От молчаливого высокого кустарника шел неслышимый шум. Особенная тревожная вибрация кончающейся зимы.
Глава пятая. Селенитовый обелиск
Овечин, надо отдать ему должное, был заправским туристом. Правда, турсекцию “Дерзание” он оставил после какой-то смутной истории, доподлинно неведомой мне.
И вот поломанные нежные ветки вереска, обломки сушняка трещали, как учебные стрельбы игрушечными патронами. На снедь, разложенную на коряге, слетались волшебные снегири и зимородки… По небесам удивительно медленно, зависая на месте, кто-то протащил на невидимой бечеве принуждения самолет.
Новая тишина ничего не проясняла во мне. И мы редко перешучивались, изображая себя отрядом оперных суворовцев, отставших от армии, заблудившихся во времени, пропавших в альпийском редколесье. Где-то вдали еле-еле разворачивает нотные листы оркестр. Нет, это дышит лес.
И вот наша безукоризненная, наша скромно одетая Оля. Наша боевая честная подруга. В случае чего она нас перебинтует и утешит. Доведет под руку до эвакуационного пункта. Мне представлялось, как я хромаю рядом с ней. Моя рука на перевязи.
Нежный огонь рисовал в вечернем воздухе химерические силуэты самопальных декораций.
Мы смотрели сквозь них как завороженные, замирая. Мы попивали огненную воду из стопочки-наперстка, венчающего мою пузатую фляжку.
– Почему в этом пламени так много синего цвета?! Неужели в этой дубине есть процент лития? – возбужденным натуралистом восклицал, ворочая палкой пылающее тело затрещавшего костра, Овечин. Почему он сказал “в этом пламени”, как будто было еще какое-то другое.
Ведь ум его двигался по однажды и раз навсегда выбранной металлической директории, вернее, он с нее не сворачивал.
Как радио, настроенное на одну волну, на скучную образовательную передачу.
Чудная девушка Оля смотрела в снег, и мне чудилось, что ее потемневшие очи выражают печаль и высокие, невыразимые словами, серафические думы. Словно она проницает будущее и отвечает за тяжелую судьбу – свою и двух молодых людей, еще юношей, сидящих поодаль.
Ее молчание и вся она – абсолютный трансцендентный антипод неумолчному Овечину.
Ее немота так выразительно упраздняла его.
Белесая ранняя луна прикрывала лепестком слюды самое стыдное место на посеревшем небе. Так бывает только в русской литературе.
Этой сумеречной картины, состоящей теперь в моем сознании из одних прекрасных слов, в основном эпитетов, я не забуду никогда. Будто мне прочли этот отрывок по радио безупречным голосом Сивиллы.
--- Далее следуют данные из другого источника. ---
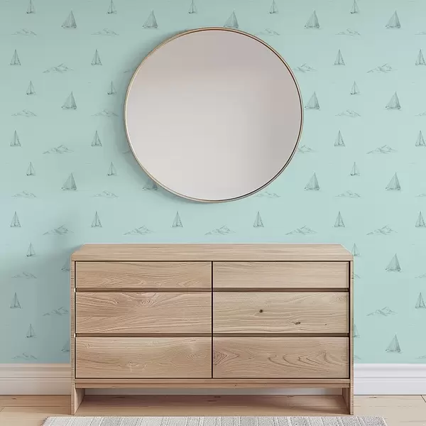 Behang Schets jachten en eilanden, mintgroene achtergrond Nr. a00654v4

Нам с Олей была прочитана содержательная лекция о простой и очевидной всем, кроме нас, природе солнечных и лунных затмений. С бодрым рисованием на синеющем покрове аккуратных наглядных рисунков кеплеровского круговращения планет и их сателлитов.
Я замечал боковым зрением, как Оля, словно стыдясь, взглядывает на него, а он искоса обращал вопрошающий взор на меня, будто волоча тяжесть по снегу.
Ну, понимаю ли я, чудак, про луну, про ее сумеречный мир?
Вижу ли я в отсветах тихого огня Олины взволнованные красноречивые взоры, обращаемые на него (на него! на него! на него!)?
Неужели я не понимаю, что она от него просто впадает в настоящий экстаз?
И я действительно чувствовал экстатическую силу этого, переполненного до краев странной речью моего друга, раннего вечера.
И Оля была его сумеречным атрибутом.
И у нее, как у океанической глади под воздействием невидимой мощи, распространяемой светозарной луной, должен был вот-вот начаться необоримый прилив.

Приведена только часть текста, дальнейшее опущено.